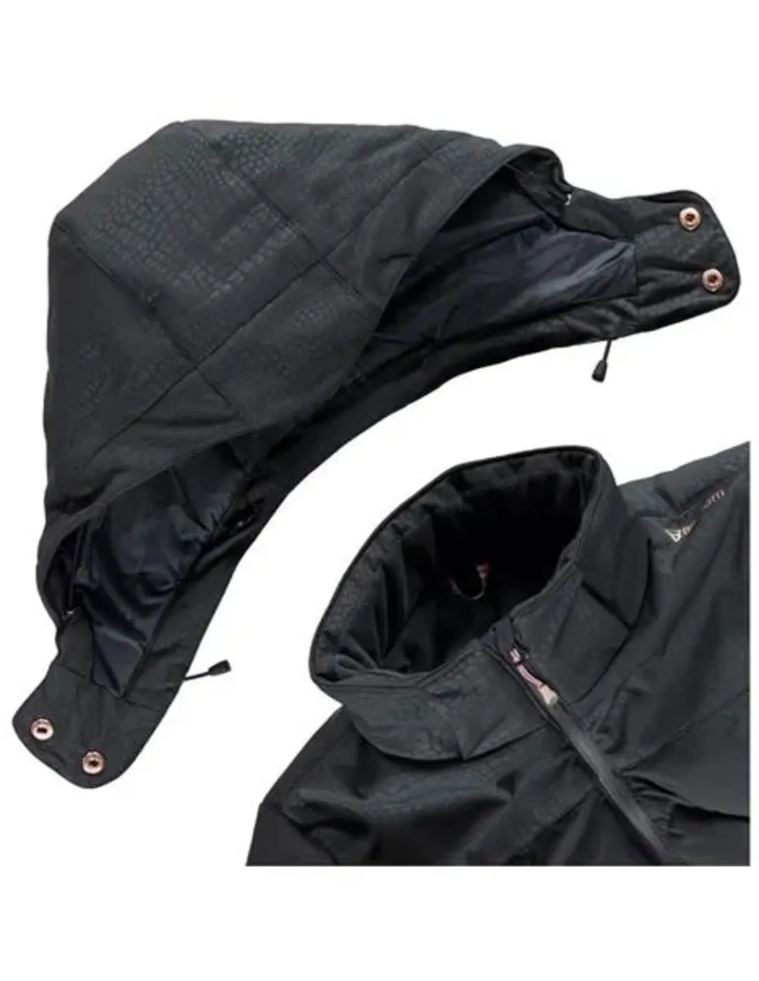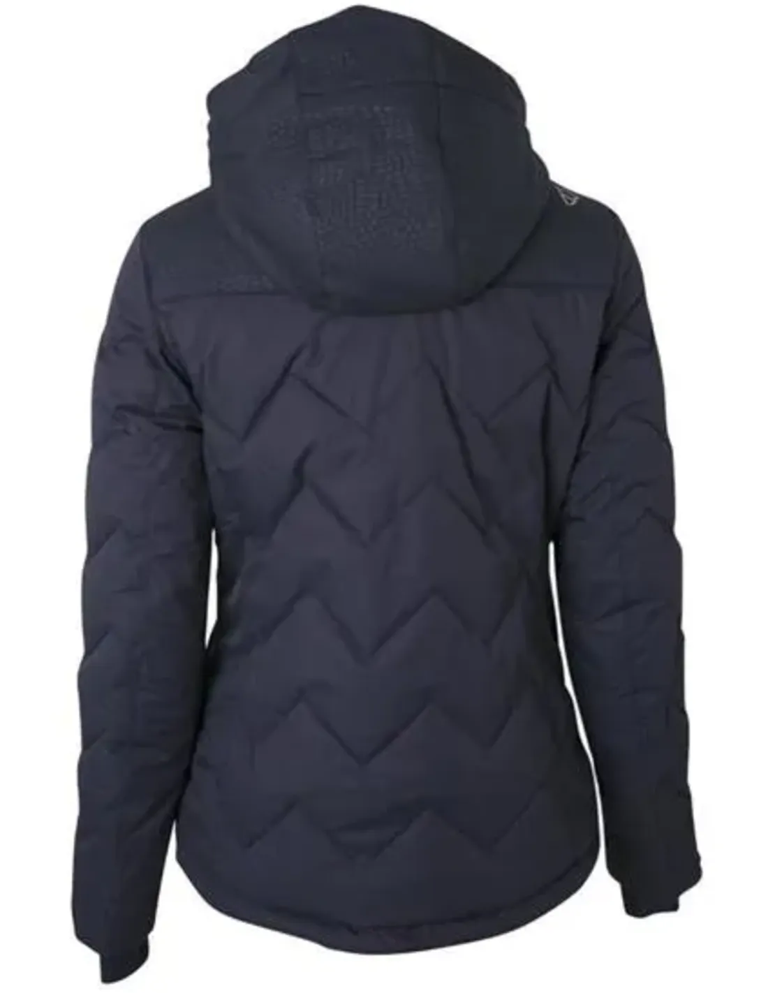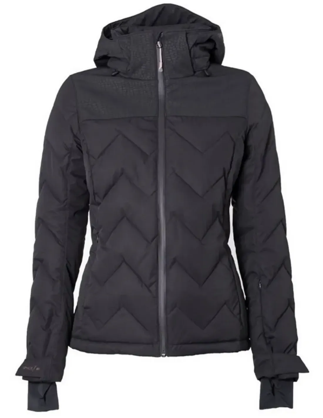 De jas heeft een normale pasvorm met een doorlopende ritssluiting met kinbeschermer en een opstaande kraag met afneembare capuchon. De ski jas heeft een speciale zak voor je telefoon en een opening voor de koptelefoon. De voorgevormde mouwen zijn voorzien van lycra polsmanchetten voor een aansluitende pasvorm. En op de linkermouw zit een ritsvak voor de skipas.
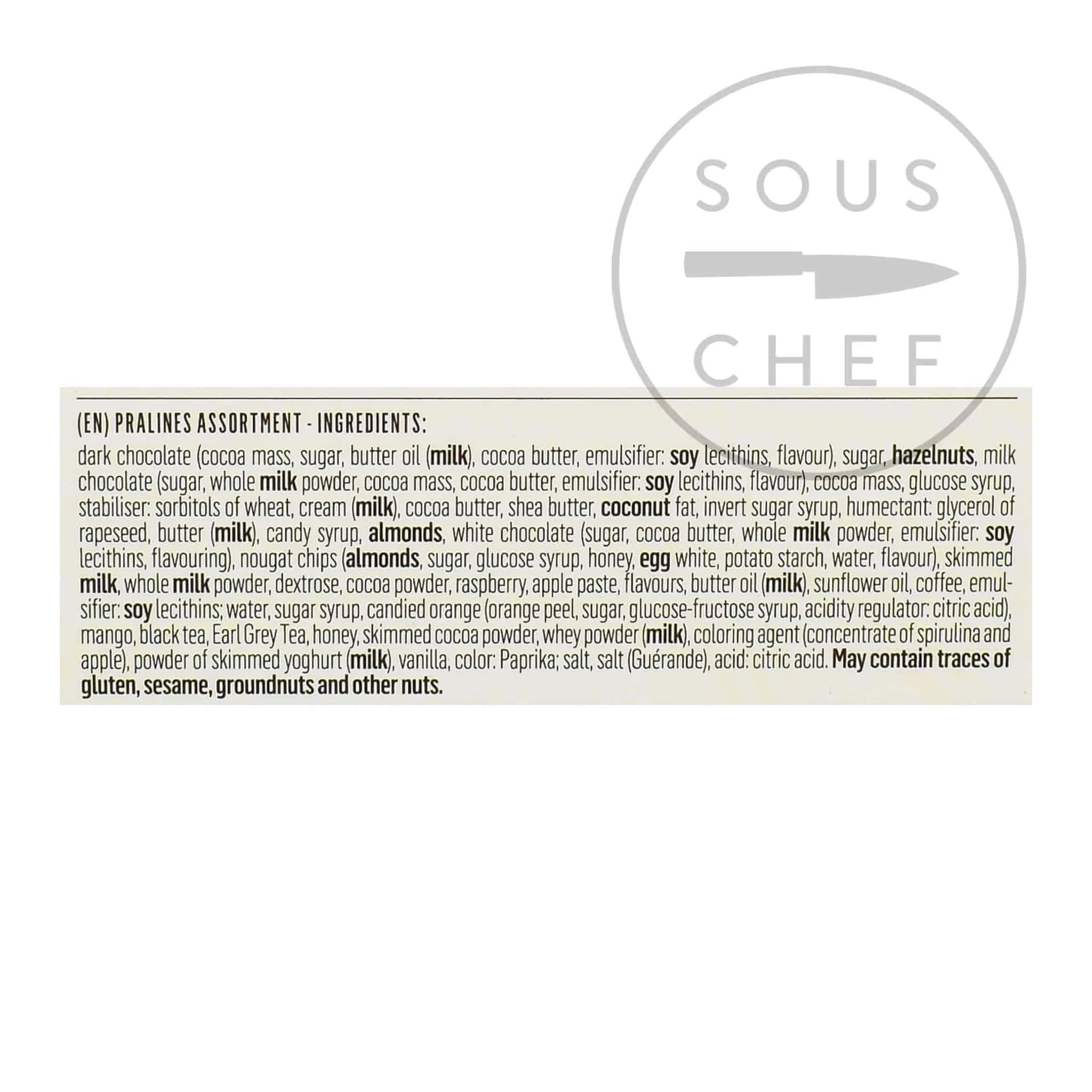 Ingredients: dark chocolate (cocoa mass, sugar, butter oil (milk), cocoa butter, emulsifier: soy lecithins, flavour), sugar, hazelnuts, milk chocolate (sugar, whole milk powder, cocoa mass, cocoa butter, emulsifier: soy lecithins, flavour), cocoa mass, glucose syrup, stabiliser: sorbitols of wheat, cream (milk), cocoa butter, shea butter, coconut fat, invert sugar syrup, humectants: glycerol of rapeseed, butter (milk), candy syrup, almonds, white chocolate (sugar, cocoa butter, whole milk powder, emulsifier: soy lecithins, flavour), nougat chips (almonds, sugar, glucose syrup, honey, egg white, potato starch, water, flavour), skimmed milk, whole milk powder, dextrose, cocoa powder, raspberry, apple paste, flavours, butter oil (milk), sunflower oil, coffee, emulsifier: soy lecithins; water, sugar syrup, candied orange (orange peel, sugar, glucose-fructose syrup, acidity regulator: citric acid), mango, black tea, Earl Grey Tea, honey, fat reduced cocoa powder, whey powder (milk), coloring agent (concentrate of spirulina and apple), skimmed yoghurt powder (milk), vanilla, colour: paprika extract, salt, salt (Guérande), acid: citric acid.Â
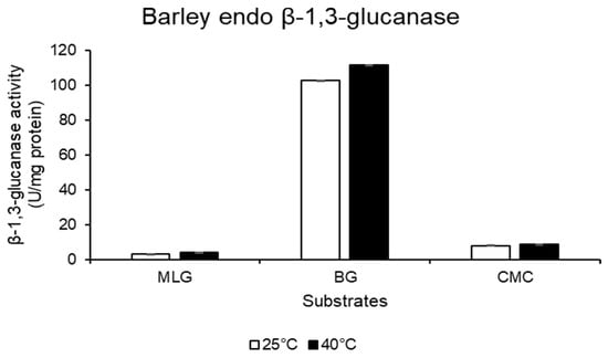 Barley β-1,3-glucanase substrate specificity analysed on mixed-linked β-1,3-1,4-glucan (MLG), β-1,3-glucan (curdlan: BG), and β-1,4-glucan (AZO-carboxymethyl cellulose: CMC) substrates. Reactions were conducted at 25 and 40 °C. The experiments were conducted in technical triplicate. The mean ± SD represents the values and error bars.
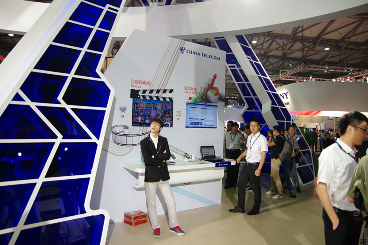 電信集團(tuán)受邀參加亞洲移動通信博覽會,分為智慧城市區(qū)域、NFC區(qū)域、智慧家庭區(qū)域、車聯(lián)網(wǎng)區(qū)域、智慧城市沙盤區(qū)域、終端展示區(qū)域。整體展位強(qiáng)調(diào)視覺沖擊力,同時挖掘吸引觀眾眼球的設(shè)計亮點,給觀眾帶來耳目一新的感受和品質(zhì)卓越的深刻印象,通過LED、多媒體互動等元素來吸引觀眾,聚集人氣。
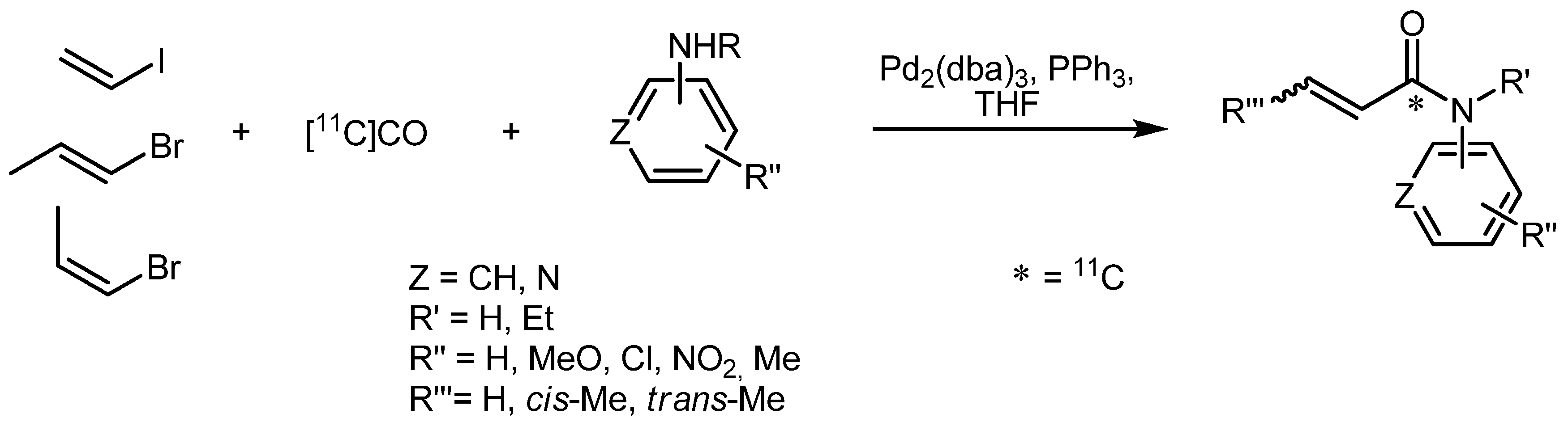 - Eriksson, J.; Åberg, O.; Långström, B. Synthesis of [11C]/[13C]Acrylamides by Palladium-Media-ted Carbonylation. Eur. J. Org. Chem. 2007, 455–461. [Google Scholar]
■ ■ ■ ■ ■
-- Required action --
Repeat the whole of the material above exactly, but keep the pictures out.

-- Reply to the task --
 De jas heeft een normale pasvorm met een doorlopende ritssluiting met kinbeschermer en een opstaande kraag met afneembare capuchon. De ski jas heeft een speciale zak voor je telefoon en een opening voor de koptelefoon. De voorgevormde mouwen zijn voorzien van lycra polsmanchetten voor een aansluitende pasvorm. En op de linkermouw zit een ritsvak voor de skipas.
 Ingredients: dark chocolate (cocoa mass, sugar, butter oil (milk), cocoa butter, emulsifier: soy lecithins, flavour), sugar, hazelnuts, milk chocolate (sugar, whole milk powder, cocoa mass, cocoa butter, emulsifier: soy lecithins, flavour), cocoa mass, glucose syrup, stabiliser: sorbitols of wheat, cream (milk), cocoa butter, shea butter, coconut fat, invert sugar syrup, humectants: glycerol of rapeseed, butter (milk), candy syrup, almonds, white chocolate (sugar, cocoa butter, whole milk powder, emulsifier: soy lecithins, flavour), nougat chips (almonds, sugar, glucose syrup, honey, egg white, potato starch, water, flavour), skimmed milk, whole milk powder, dextrose, cocoa powder, raspberry, apple paste, flavours, butter oil (milk), sunflower oil, coffee, emulsifier: soy lecithins; water, sugar syrup, candied orange (orange peel, sugar, glucose-fructose syrup, acidity regulator: citric acid), mango, black tea, Earl Grey Tea, honey, fat reduced cocoa powder, whey powder (milk), coloring agent (concentrate of spirulina and apple), skimmed yoghurt powder (milk), vanilla, colour: paprika extract, salt, salt (Guérande), acid: citric acid.Â
 Barley β-1,3-glucanase substrate specificity analysed on mixed-linked β-1,3-1,4-glucan (MLG), β-1,3-glucan (curdlan: BG), and β-1,4-glucan (AZO-carboxymethyl cellulose: CMC) substrates. Reactions were conducted at 25 and 40 °C. The experiments were conducted in technical triplicate. The mean ± SD represents the values and error bars.
 電信集團(tuán)受邀參加亞洲移動通信博覽會,分為智慧城市區(qū)域、NFC區(qū)域、智慧家庭區(qū)域、車聯(lián)網(wǎng)區(qū)域、智慧城市沙盤區(qū)域、終端展示區(qū)域。整體展位強(qiáng)調(diào)視覺沖擊力,同時挖掘吸引觀眾眼球的設(shè)計亮點,給觀眾帶來耳目一新的感受和品質(zhì)卓越的深刻印象,通過LED、多媒體互動等元素來吸引觀眾,聚集人氣。
 - Eriksson, J.; Åberg, O.; Långström, B. Synthesis of [11C]/[13C]Acrylamides by Palladium-Media-ted Carbonylation. Eur. J. Org. Chem. 2007, 455–461. [Google Scholar]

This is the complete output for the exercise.